Couscous Pilaf with Salty Lassi

Couscous (pronounced /ˈkʊskʊs/ or /ˈkuːskuːs/) is a North African dish that has become popular in many countries. It was originally made from millet. Historians have different opinions as to when wheat began to replace the use of millet. The conversion seems to have occurred sometime in the twentieth century, although many regions continue to use the traditional millet. Couscous seems to have a North African origin. Archaeological evidence dating back to the 9th Century, consisting of kitchen utensils needed to prepare this dish, has been found in this part of the world.

Today, Couscous granules are usually made by rolling moistened coarsely ground semolina wheat into small balls, which are then coated with finely ground wheat flour. The finished granules are roughly spherical shape and about one millimeter in diameter before cooking. Different cereals may be used regionally to produce the granules. Traditional couscous requires considerable preparation time and is usually steamed. In many places, a more-processed, quick-cook couscous is available and is particularly valued for its short preparation time. Couscous is traditionally served under a meat or vegetable stew. It can also be eaten alone, flavored or plain, warm or cold (e.g., mixed with Tabbouleh), or as a side dish.

The dish is a traditional staple food throughout West Africa, Sahel, France, Spain, and the Canary Islands, Portugal, Madeira, Italy (particularly in western Sicily's Province of Trapani), as well as in Turkey, Bulgaria, Greece, Malta, Cyprus, parts of the Middle East and India and is eaten in many other parts of the world as well.

Couscous is a grain product made from semolina (coarsely ground durum wheat) or, in some regions, from coarsely ground barley or pearl millet. In Brazil, the traditional couscous is made from Cornmeals.
Couscous from semolina (wheat): The semolina is sprinkled with water and rolled with the hands to form small pellets, sprinkled with dry flour to keep them separate, and then sieved. The pellets which are too small to be finished granules of couscous fall through the sieve to be again sprinkled with dry semolina and rolled into pellets. This process continues until all the semolina has been formed into tiny granules of couscous.

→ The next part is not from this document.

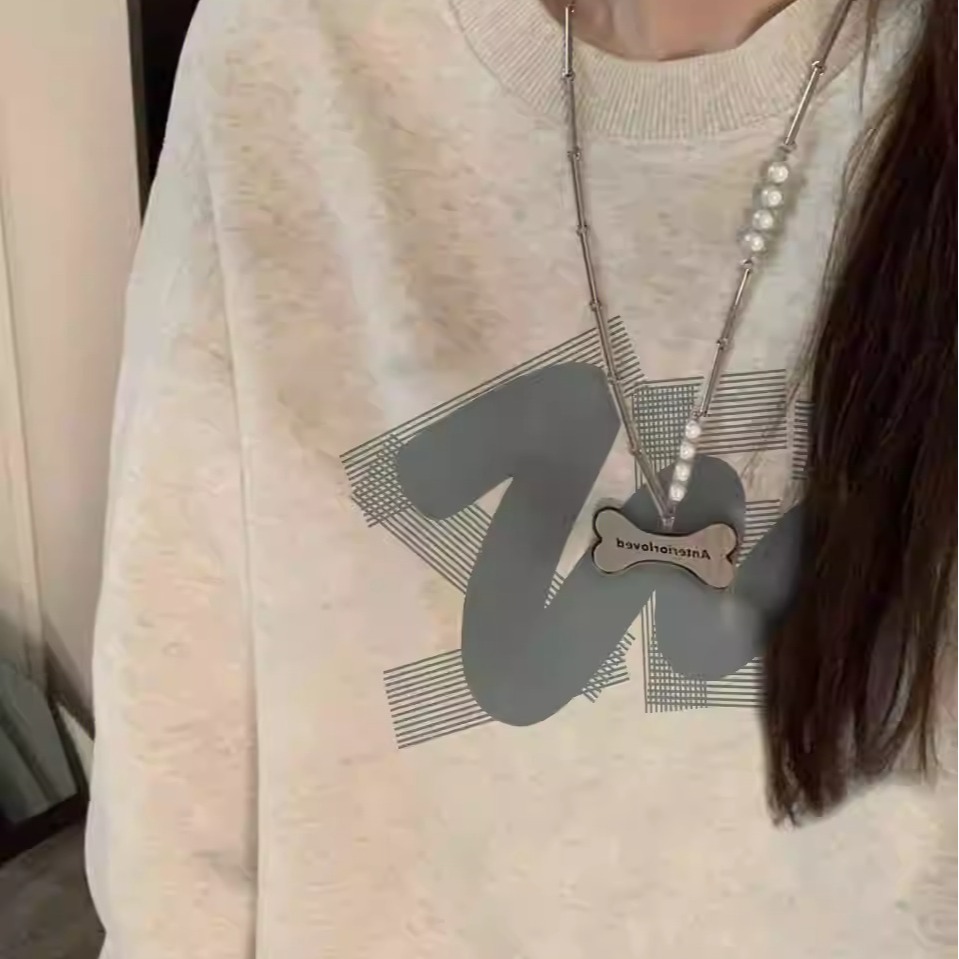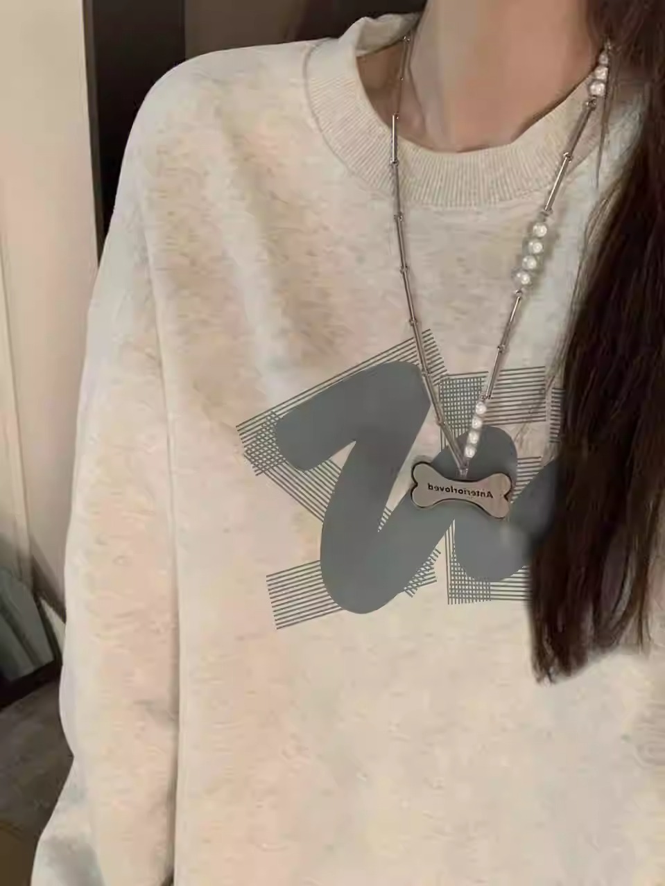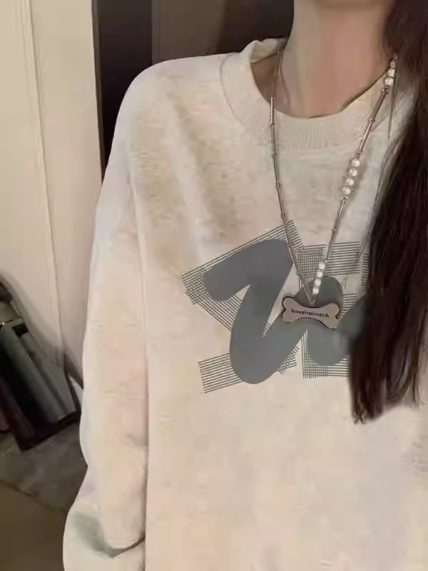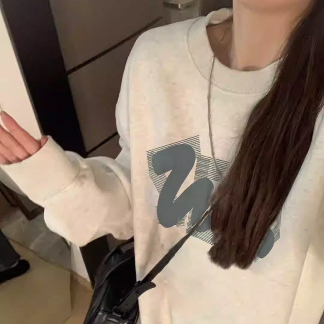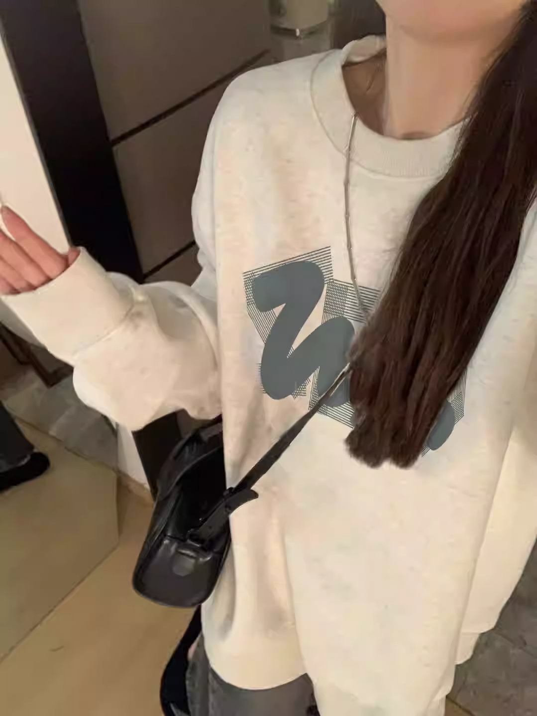 MY14111# 华棉复合-薄款/加绒 跨境英文洗水标圆领卫衣女印花女裝貨源服裝批發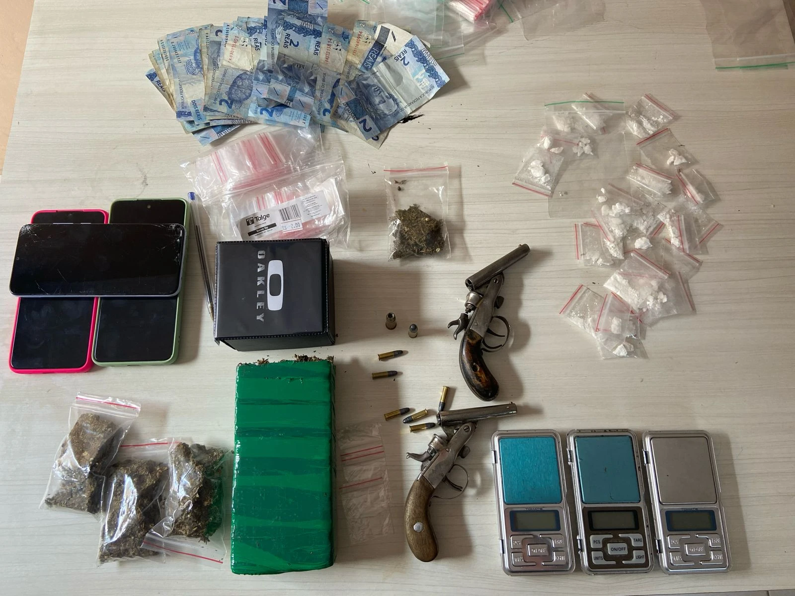 Quanto às drogas, armas e munições, foi lavrado auto de prisão em flagrante pelos crimes de tráfico de drogas e posse irregular de arma de fogo.

This process is very labour-intensive. In the traditional method of preparing couscous, groups of women would come together and make large batches over several days. These would then be dried in the sun and used for several months. Couscous was traditionally made from the hard part of the durum, the part of the grain that resisted the grinding of the relatively primitive millstone. In modern times, couscous production is largely mechanized, and the product is sold in markets around the world.
In the Sahel, pearl millet is pounded or milled to the size and consistency necessary for the couscous

This recipe yields 6 servings:


• 2 cups dry couscous

• 3 cups water

• 2 teaspoon salt

• 1/4 cup olive oil

• 1/2 teaspoon cumin seeds

• 1 teaspoon mustard seeds

• 1/4 teaspoon asafetida

• 1 sprig fresh curry leaves

• 2 red chili pepper pods

• 1 medium yellow onion chopped

• 1" piece of ginger peeled and sliced

• 4 cloves garlic, minced

• 1/2 sweet Red pepper chopped

• 5 mushrooms sliced

• 1 Jalapeno pepper chopped

• 1/3 cup Frozen peas thawed

• 1/3 cup frozen corn thawed

• 1/4 cup fresh lime juice

• 1/2 teaspoon turmeric powder (optional, but it add nice light yellow color to couscous)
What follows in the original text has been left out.